Minimum unique abbreviation of option is acceptable. You may use double hyphens instead of single hyphen to denote options. You may use white space in place of the equals sign to separate an option name from its value.



This program is part of Netpbm(1).

pbmtext takes the specified text, either a single line from the command line or multiple lines from standard input, and renders it into a PBM graphical image.

In the image, each line of input is a line of output. Formatting characters such as newline have no effect on the formatting; like any unprintable character, they turn into spaces.

The image is just wide enough for the longest line of text, plus margins, and just high enough to contain the lines of text, plus margins.

The left and right margins are twice the width of the widest character in the font; the top and bottom margins are the height of the tallest character in the font. But if the text is only one line, all the margins are half of this. You can use the -nomargins option to eliminate the margins.

pbmtextps does the same thing as pbmtext, but uses Ghostscript to generate the characters, which means it's a lot more sophisticated and you can use Postscript fonts.
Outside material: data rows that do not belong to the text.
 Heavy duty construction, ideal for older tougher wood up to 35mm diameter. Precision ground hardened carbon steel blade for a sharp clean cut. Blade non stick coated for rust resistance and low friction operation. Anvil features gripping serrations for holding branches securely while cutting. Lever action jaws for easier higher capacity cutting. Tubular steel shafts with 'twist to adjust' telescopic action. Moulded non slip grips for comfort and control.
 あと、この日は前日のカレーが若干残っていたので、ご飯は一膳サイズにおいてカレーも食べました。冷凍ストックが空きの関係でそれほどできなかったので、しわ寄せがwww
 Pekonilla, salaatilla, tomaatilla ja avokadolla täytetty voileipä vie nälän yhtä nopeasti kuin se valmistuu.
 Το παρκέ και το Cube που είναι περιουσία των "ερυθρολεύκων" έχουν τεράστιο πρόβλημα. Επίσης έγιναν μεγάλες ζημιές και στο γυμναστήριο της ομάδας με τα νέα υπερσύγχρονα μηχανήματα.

But it also means you have to have Ghostscript installed and it isn't as fast.



-builtin selects a font among those built into Netpbm.

-font selects a font that you supply yourself either as an X Window System BDF (Bitmap Distribution Format) file or as a PBM file in a special form.
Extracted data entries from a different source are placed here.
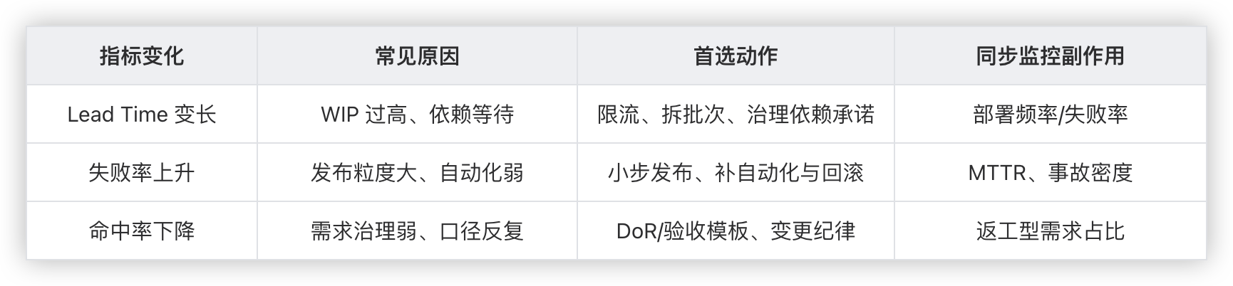 变更失败率上升 → 不要只“加审批”,先补“发布粒度、自动化防线、回滚与可观测性”。(流程加摩擦只能短期止血,能力建设才可持续。)
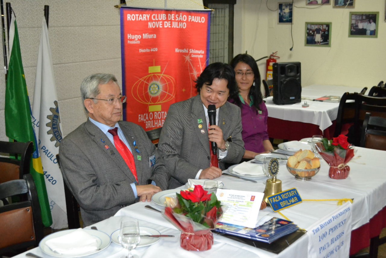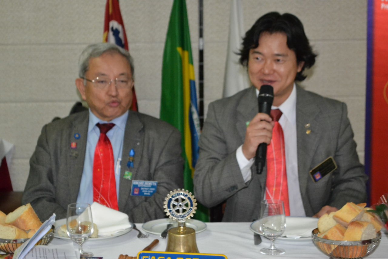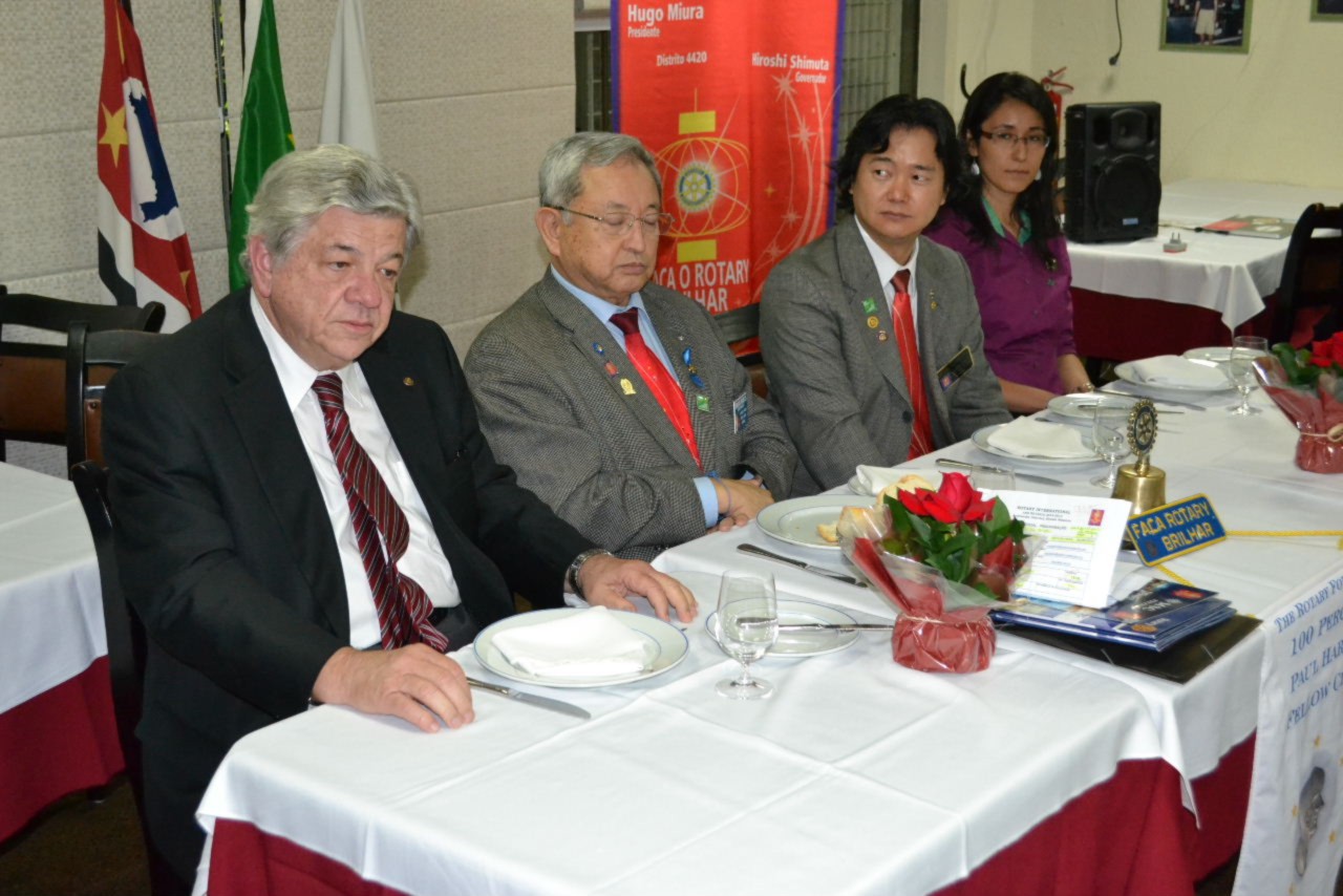 Após conhecer os rotarianos do clube em assembléia, o governador Shimuta participou da festiva que contou com a presença do GD 1985-1986 José Alfredo Pretoni , sócio honorário do clube, que compôs a mesa diretora e aproveitou a ocasião para mencionar a Convenção Internacional que será realizada em São Paulo.
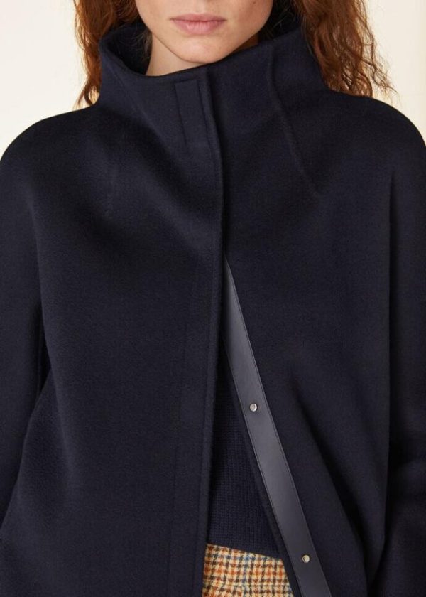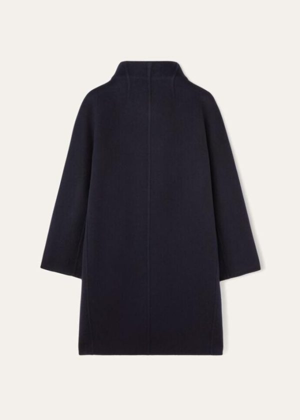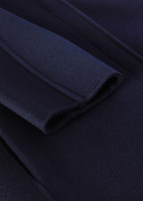 City coat in baby cashmere constructed with the double construction technique: the two layers of fabric are opened along the edges, folded back and invisibly stitched by hand. The resulting coat is unlined, enveloping and very light, impeccably finished inside and out.

The default is the built in font 'bdf.'

'bdf' is Times-Roman 15 pixels high. (That's about 14 point type printed at 75 dpi).

'fixed' is a built in fixed with font.

To create a font as a PBM file (to use with the -font option), do this: In your window system of choice, display the following text in the desired (fixed-width) font:

    M ',/^_[`jpqy| M

    /  !'#$%&'()*+ /
    < ,-./01234567 <
    > 89:;<=>?@ABC >
    { ]^_`abcdefg {
    } hijklmnopqrs }
    ~ tuvwxyz{|}~  ~

    M ',/^_[`jpqy| M

Do a screen grab or window dump of that text, using for instance xwd, xgrabsc, or screendump. Convert the result into a pbm file. If necessary, use pamcut to remove everything except the text. Finally, run it through pnmcrop. to make sure the edges are right up against the text. pbmtext can figure out the sizes and spacings from that.

-space pixels

 Add pixels pixels of space between characters.  This is in addition to whatever space surrounding characters is built into the font, which is usually enough to produce a reasonable string of text.

pixels may be fractional, in which case the number of pixels added varies so as to achieve the specified average. For example -space=1.5 causes half the spaces to be 1 pixel and half to be 2 pixels.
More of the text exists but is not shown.